CRL and the News

Monday, October 1, 2012

As the U.S. presidential election approaches, the role that the news media play in public life is especially conspicuous. For better or worse, the events of the Romney and Obama campaigns are reported almost minute by minute in the media.  Researchers in the future will mine this “first rough draft of history” for insights on the politics of our time. 

CRL’s newspaper collections have been, and remain, an important source for historians.  Our commitment to ensuring the future accessibility of the journalistic record is firm and longstanding. However, the way news content is sourced, maintained, and distributed has changed radically.  The Internet has essentially “re-routed the supply chain” for news: websites, online broadcast, blogs, and social media like YouTube and Twitter provide channels for news reporting that did not exist two decades ago.  These developments have rendered the existing models for news preservation, rooted in the microform age, obsolete.

Therefore CRL’s strategy for ensuring access to the record of news coverage is evolving.  We at CRL believe that the news media organizations and the news aggregators will play critical roles in the preservation of this record.  We have therefore begun to explore with a few large aggregators the possibility of providing end-to-end coverage of news to researchers at CRL libraries. By “end to end,” we mean both historic and current news content, digitized newspapers as well as born-digital news content.  Many CRL libraries have purchased a number of the historical databases, and subscribe to current databases, from NewsBank/Readex and ProQuestWe are now discussing with those publishers terms for CRL-wide coverage of the major news databases. 

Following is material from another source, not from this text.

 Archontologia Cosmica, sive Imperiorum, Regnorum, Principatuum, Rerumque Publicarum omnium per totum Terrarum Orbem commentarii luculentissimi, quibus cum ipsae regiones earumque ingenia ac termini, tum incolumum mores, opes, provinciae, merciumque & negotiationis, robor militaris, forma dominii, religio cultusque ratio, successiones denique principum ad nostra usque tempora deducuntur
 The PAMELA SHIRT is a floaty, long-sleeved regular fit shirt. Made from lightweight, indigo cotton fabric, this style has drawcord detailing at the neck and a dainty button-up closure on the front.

We want to achieve two things.  First, we want researchers at CRL institutions to have electronic access to more newspapers and news content.  And this needs to be affordable in a time of stressed library budgets. 

Second, we want to improve the terms upon which publishers make electronic news content available.  This means not just lower prices but better features and functionality, like text mining and analysis capabilities, credible archiving, exposure of metadata, and so forth.

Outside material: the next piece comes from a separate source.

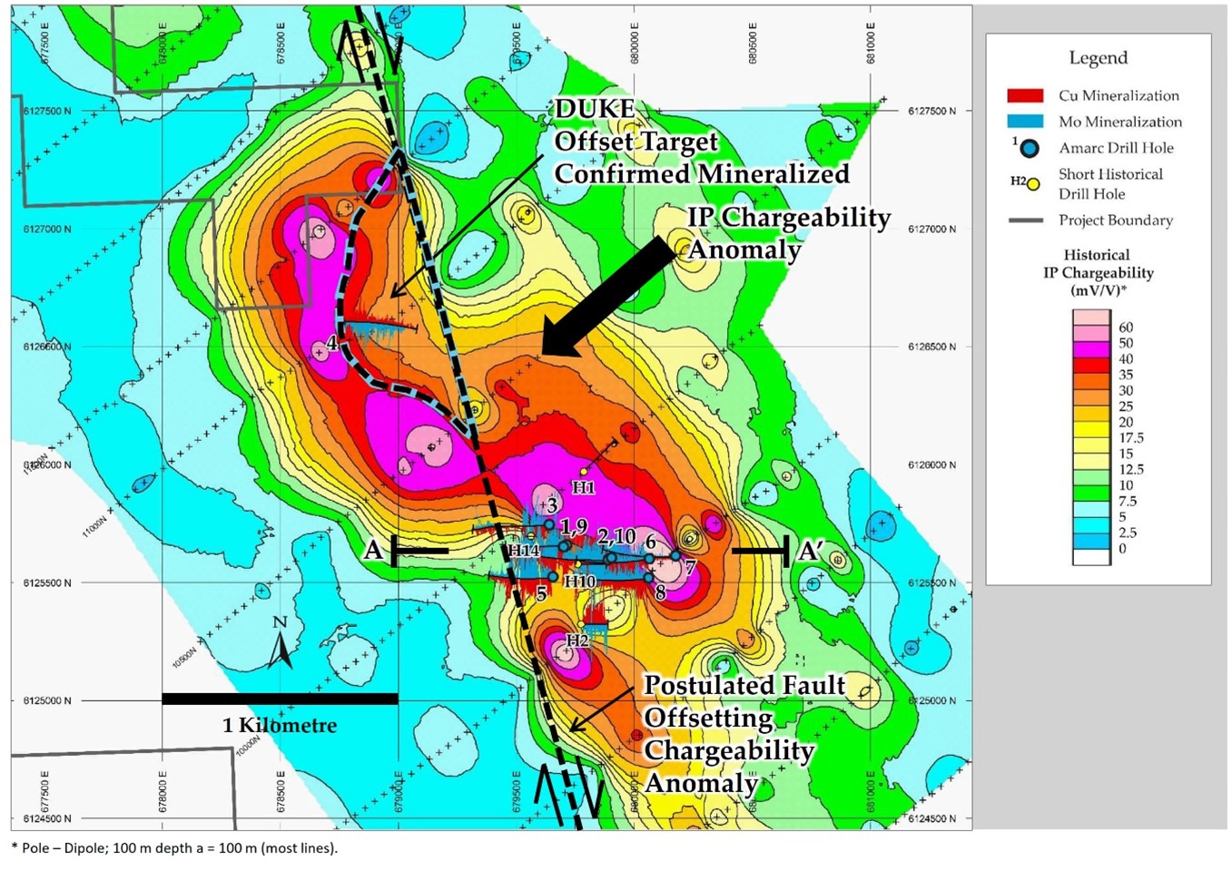 Central to Amarc's extensive mineral tenure is the DUKE Deposit discovery, located 30 km north of the former Bell Mine. Although explored historically, the extensive porphyry Cu system at the DUKE discovery has not been delineated or drilled off. Many of the 21 historical shallow and closely-spaced core holes intersected and ended in significant Cu-Mo-Au-Ag mineralization. These holes were restricted to a small portion of a robust, 4.7 km2 IP chargeability anomaly indicating a large sulphide mineralized system. Amarc completed initial drilling at the DUKE Deposit in 2017 and 2018. Seven of the eight core holes drilled over an area measuring approximately 400 m north-south by 600 m east-west (see December 19, 2017 and June 12, 2018 news releases) successfully intersected porphyry copper-style mineralization to a vertical depth of 360 m. This mineralization remains wide open to expansion. The eighth hole was drilled off a road one kilometre to the north and within the sulphide mineral system; it intersected similar copper-molybdenum-silver-gold porphyry mineralization.

We believe that CRL libraries, acting together through CRL and in concert with our partners the Canadian Research Knowledge Network and JISC Collections, can achieve these aims.  We will soon report to you further on this effort. 

Meanwhile, please know that we are working hard to ensure access for your constituents to the primary evidence and documentation critical to advanced research.  Many thanks for your continued support, and for participating in CRL.